Black Holes Have an Effect on How Entire Galaxies

The graph shows an extremely massive black hole surrounded by a dust ring (torus). The incidence of gas onto the black hole leads to a high-energy beam of matter and radiation, which can be transported over cosmological distances. If the beam is shown in our direction, we speak of a “blazar.”

The influence of extremely massive black holes is limited, cosmic seen on its immediate environment – is so at least the previous assumption. An international team of astronomers has now discovered, however, that these black holes of millions to billions of solar masses also affects much more distant objects, and subsequently even may have on the formation of galaxies. The researchers from Germany, Canada and the United States observed that diffuse gas absorbs the light in space gamma radiation from black holes and heats it. This surprising finding has important implications for the formation of large structures in the universe.
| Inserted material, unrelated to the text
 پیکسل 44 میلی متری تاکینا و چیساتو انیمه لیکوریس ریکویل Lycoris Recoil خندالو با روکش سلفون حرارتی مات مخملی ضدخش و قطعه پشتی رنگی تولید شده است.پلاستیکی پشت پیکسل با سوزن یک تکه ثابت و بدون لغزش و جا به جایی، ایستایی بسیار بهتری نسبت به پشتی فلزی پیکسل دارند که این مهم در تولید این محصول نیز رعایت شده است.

In the center of every galaxy is an extremely massive black hole. It can emit high-energy gamma radiation and is then called blazar. Other types of radiation such as visible light or radio waves passing through the universe without any problems. This is true for high-energy gamma radiation is not. This radiation interacts with the optical light emitted by the galaxies, and is converted into the elementary particles, electrons and positrons. The elementary move initially nearly light speed, but slowed down by the diffuse gas in the universe. Since each braking process generates heat, the surrounding gas heats it to extreme. It is ten times hotter on average and in the cosmic regions with less density than the average even more than a hundred times hotter than previously thought.
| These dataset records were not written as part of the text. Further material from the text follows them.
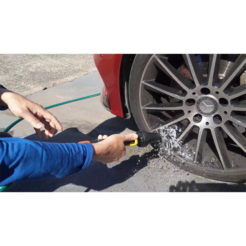 Въртящата се четка на накрайника се задвижва от налягането на водата и е подходяща за почистване на джанти, велосипеди, автомобили и почистване на почти всичко във дома и градината.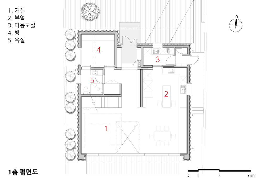 The site sits in a residential area in The County, Cheongna. It faces a 7-meter road to the north and nature to the south. It was designed to protect privacy from the road and embrace nature as much as possible to the south. Therefore, the north side came to have an entrance with eaves and minimum windows. The windows with various expressions were filled in the south by maximizing the legally available width.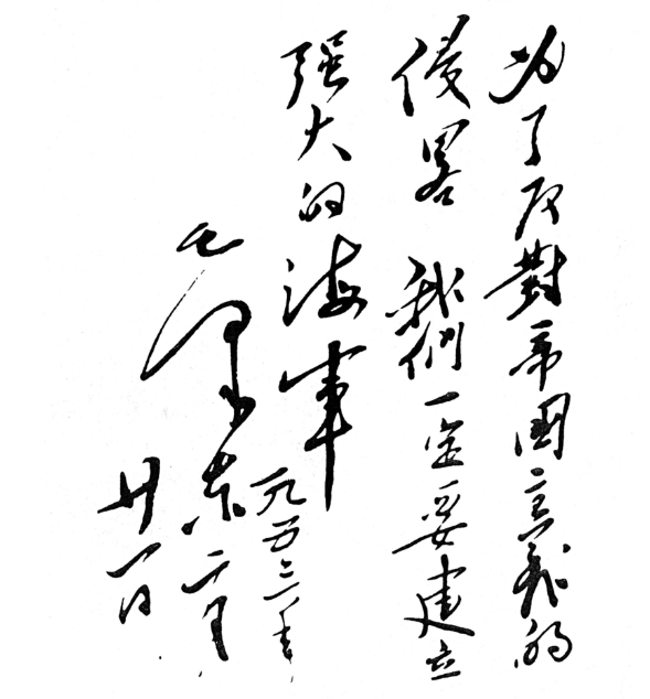 1953年2月19日,毛澤東在武漢登上長(zhǎng)江艦視察長(zhǎng)江中下游四省,并在長(zhǎng)江艦上為海軍題詞:“為了反對(duì)帝國(guó)主義的侵略,我們一定要建立強(qiáng)大的海軍?!贝葱兄聊暇珴蓶|提出要在南京檢閱海軍戰(zhàn)艦。華東海軍立即抽調(diào)了“廣州”號(hào)和“南昌”號(hào)護(hù)衛(wèi)艦、“黃河”號(hào)登陸艦,以及101號(hào)、104號(hào)魚雷艇參加檢閱。幾天中,毛澤東連續(xù)5次都寫下同樣的題詞:“為了反對(duì)帝國(guó)主義的侵略,我們一定要建立強(qiáng)大的海軍”。這是中國(guó)領(lǐng)導(dǎo)人對(duì)建設(shè)強(qiáng)大海軍、建設(shè)一流裝備的殷切期望,是新生的中國(guó)對(duì)建設(shè)強(qiáng)大海防的決心。如今這顆刻著偉人囑托的銘石,靜靜矗立在江南造船長(zhǎng)興島造船基地行政樓前的草坪,也靜靜地矗立在每一位江南人的心中。

Temperature measurement in the line of forest

“Blazars, the thermal history of the universe to write,” said Christoph Pfrommer, one of the authors, from the Heidelberg Institute for Theoretical Studies (HITS). But how can you verify such an idea? In the optical spectra of distant quasars seen a number of lines, the so-called forest line. The forest is created by absorption of ultra-violet quasar by neutral hydrogen atoms in the early stages of the universe. If the gas is now hot, then the weakest lines are widened. This effect produces a great way to measure temperature in the early universe and thus virtually to observe the universe in his youth.
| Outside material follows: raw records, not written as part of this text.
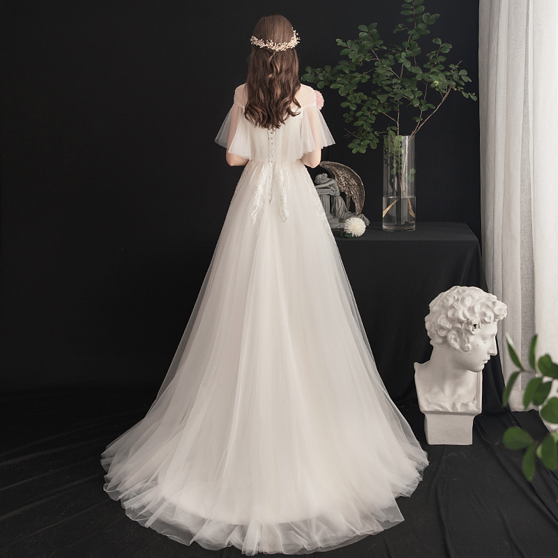 Forest light wedding dress female 2021 new bride Korean simple small tail dream super fairy French simple small man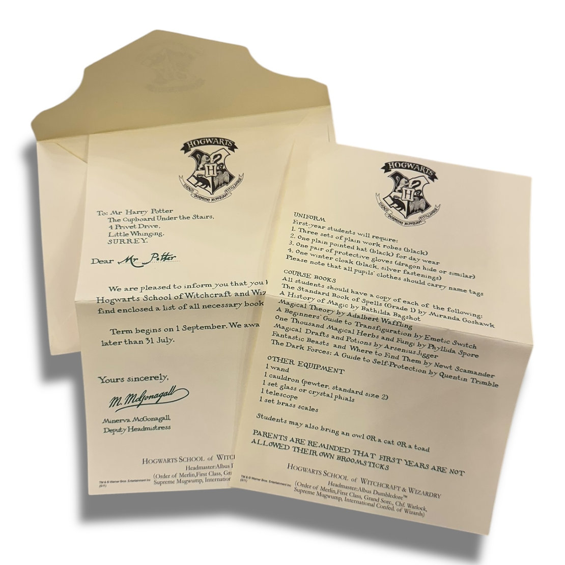 | Included Items | Hogwarts acceptance letter, school supply list, Hogwarts Express train ticket |
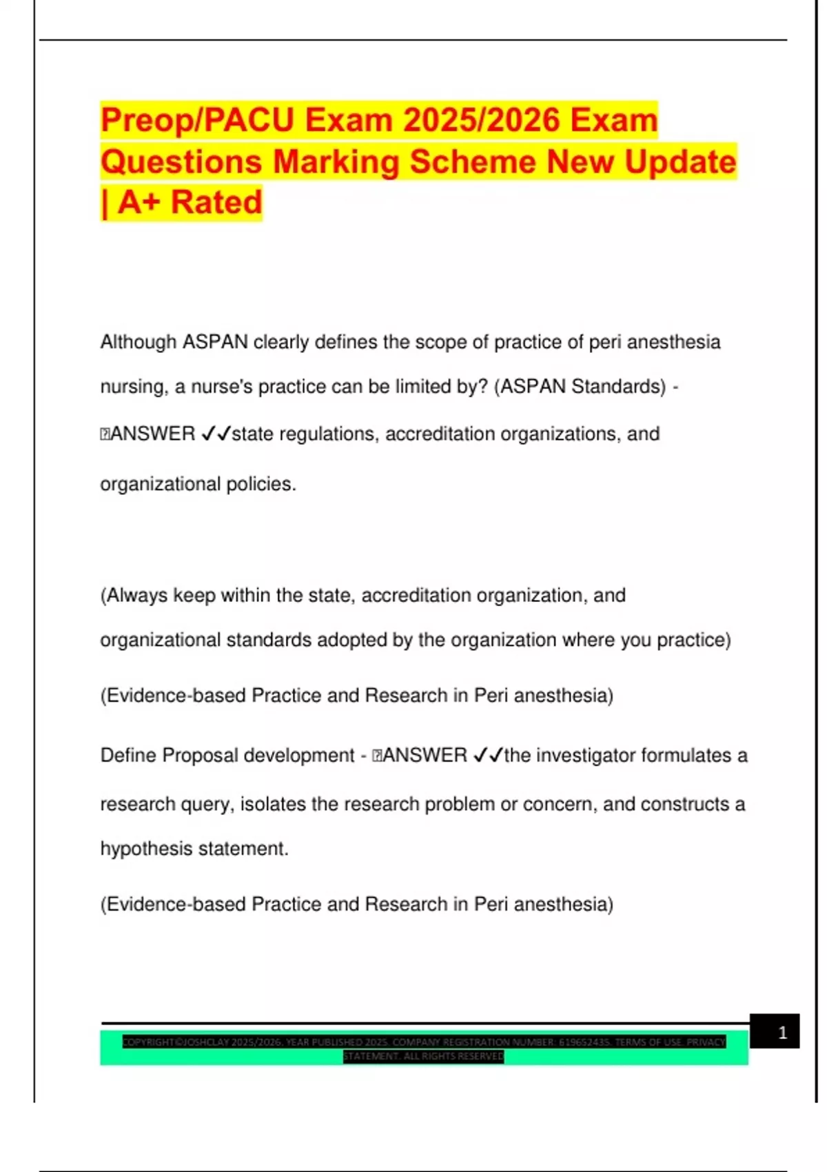Preop/PACU Exam 2025/2026 Exam Questions Marking Scheme New Update | A+ Rated Although ASPAN clearly defines the scope of practice of peri anesthesia nursing, a nurse's practice can be limited by? (ASPAN Standards) - � �ANSWER state regulations, accreditation organizations, and organizational policies. (Always keep within the state, accreditation organization, and organizational standards adopted by the organization where you practice) (Evidence-based Practice and Research in Peri anesthesia) Define Proposal development -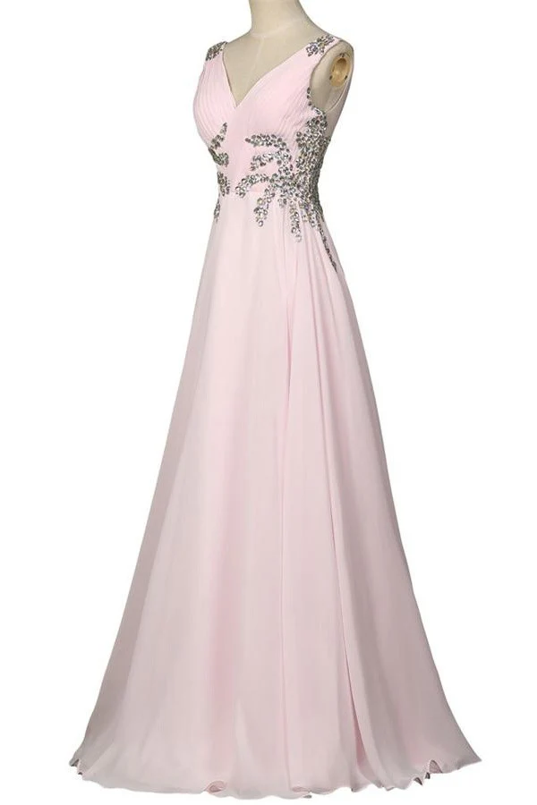 • Beautiful Girly Chiffon Long Beading Pink V-neck Backless Prom Dress K744
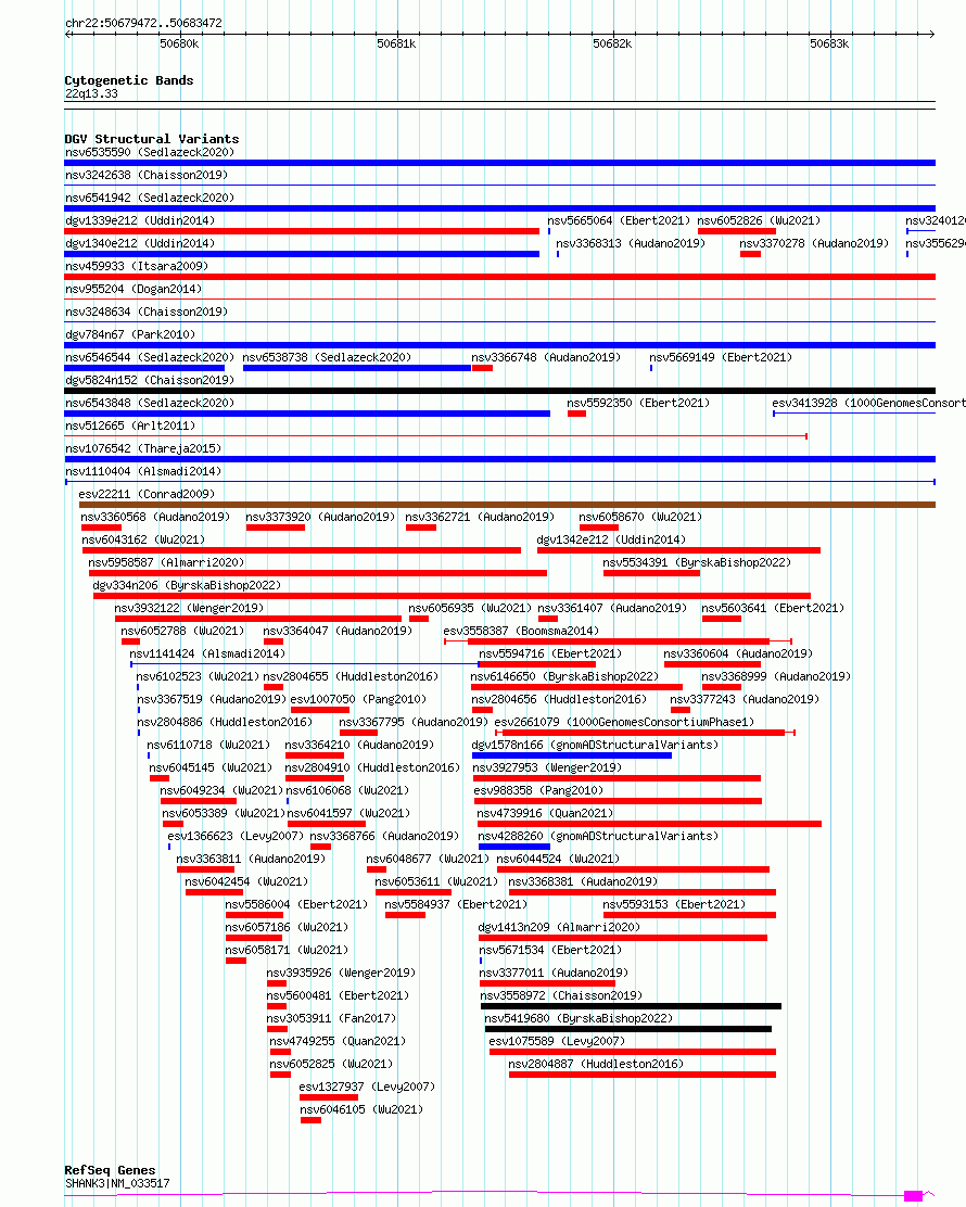 Variant DetailsVariant: nsv1110404| Internal ID | 19280949 | | Landmark | | | Location Information | | | Cytoband | 22q13.33 | | Allele length | | Assembly | Allele length | | hg38 | 4001 | | hg19 | 4001 |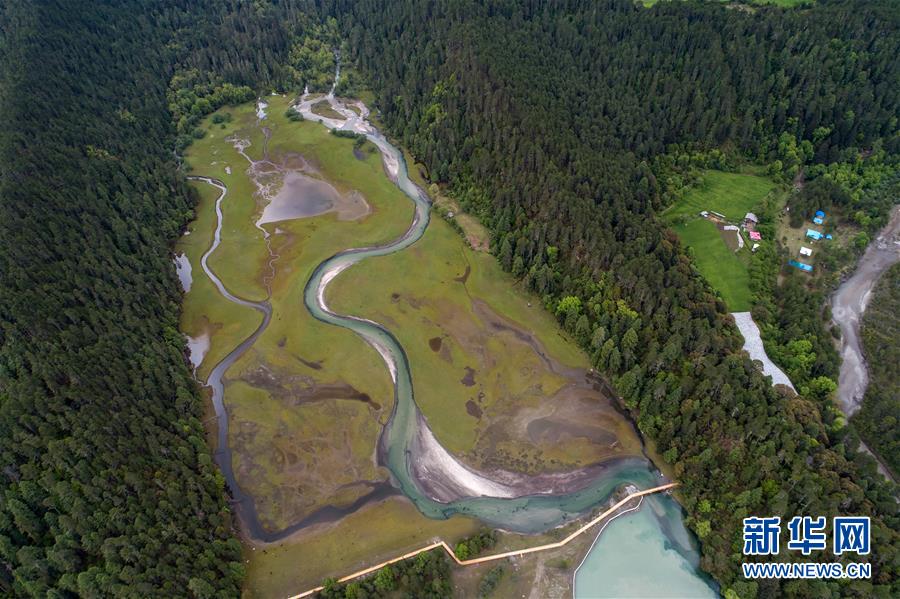 被譽為“拉薩之肺”的拉魯濕地(6月5日無人機拍攝)。

The HITS-examined Astrophysicists this newly postulated heating process for the first time with detailed computer simulations of the cosmological origin of structures. Surprisingly, the lines were just so broadened that they exactly match the measured line in the quasar spectra match statistics. “We can solve elegantly a long standing problem with these Quasardaten” says Ewald fixed Puchwein who performed the simulations on the mainframe at the HITS.

The impact on galaxy formation

What other consequences resulting from this new source of heat? The forest line in the quasar spectra is caused by density fluctuations in the universe. Here, the densest fluctuations fall together over time to form galaxies and galaxy clusters, as we see around us. If the diffuse gas is too hot, it can not collapse and the formation of dwarf galaxies is delayed or even completely suppressed. This could be the key to the solution of another problem in the theory of galaxy formation are that there has long been: Why are close to our Milky Way and in dense cosmic regions observed significantly fewer dwarf galaxies than predicted by cosmological simulations?

Volker Springel, head of research group at HITS, said: “The most exciting of the new process is the Blazarheizens that this same effect can explain several puzzles in the cosmological structure formation.” The group now plans to further refine the simulation models and to understand so the physical nature of blazars and their impact on today’s universe better.